(CBS) -- Smartwatches are the hot thing, replacing the old school wristwatch.They can do so much, but are they safe from hackers?
CBS 2's Lionel Moise takes a closer look in this Original Report.
From tracking your health to checking emails, smartwatches can make life much more convenient.
"I love it," said Mansoor Anjarwala. "It's the first thing I do just because I fell it's now part of my life."
Anjarwala mostly uses his for fitness. Others use it for texts, photos and paying for purchases but the big question is: can your smartwatch be outsmarted by a hacker?
"We were able to get personal information like contacts, calendar information, emails," said Frank Breitinger.

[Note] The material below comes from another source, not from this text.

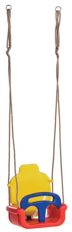 Závěsné houpací sedátko Marimex Play 3v1 s flexibilní konstrukcí roste spolu s vaší ratolestí, kdy houpačku jednoduše přizpůsobíte aktuálnímu věku vašeho dítěte odebráním některých částí, takže se jedná o skvělé řešení pro početnější rodiny. První varianta nastavení je určená pro kluky a holky do 3 let, kdy extra vysoká opěrka zad zajistí vysoký komfort i správné držení těla a přední hrazda s bezpečnostním pásem zase zabraní vyklouznutí a následnému pádu dítěte ze sedačky. Odebráním opěrky zad přizpůsobíte sedačku dětem od 3 let, které pak spolehlivě jistí přední hrazda a bezpečnostní pás. Poté, co odejmete přední hrazdu, tak houpací sedátko mohou používat kluci a holky do 12 let.

Breitinger and his forensics team at the University of New Haven were able to hack data on a smartwatch. Their research was focused on catching criminals, but also revealed how you could become the next target.
"Some of the smartwatches allow you to open doors," said Breitinger. "In the future, they might be used to pay or start cars, so you should be aware that the data that you store in there, it might be not only you who is able to read that."
And the motion sensor that tracks your steps might also be a security concern. Researchers at the University of Illinois demonstrated how they could determine what you're typing simply by tracking a sensor and researchers at the University of Copenhagen showed they could detect five numbers of an eight number pin punched on a keypad.
Another vulnerability is how the watches send and receive data over Bluetooth, the cloud and WiFi, especially public WiFi.
"Everyone who is in that WiFi can access your data, might be able to read your data if traffic is not encrypted," said Breitinger.
Paul Petefish with Evolve Security in Chicago cautions Bluetooth, especially when the watch and phone are pairing, is not as hack-proof as people think.
"You could do something called Bluetooth hijacking, or bluesnarfing is what it's called, and that potentially could allow you to access the watch," Petefish said.
This was very surprising to some smartwatch users.
"The thinking is if this is linked to this, they are both secure but if it's not, it's an issue," said Walid Abu-Ghazaleh. "I would rather go back to a normal watch a secure phone."
"We always say it's either convenience or security, so it's hard to get both," said Breitinger.
Apple does have a more secure Bluetooth pairing than most other watches - and a stronger log-in, but you have to opt-in. LG says it is considering the issues we've brought up tonight. Samsung has not commented. Security experts suggest wearers take advantage of passwords and PINs to protect sensitive data. Also determine if your watch connects via WiFi and make sure the connection is secure.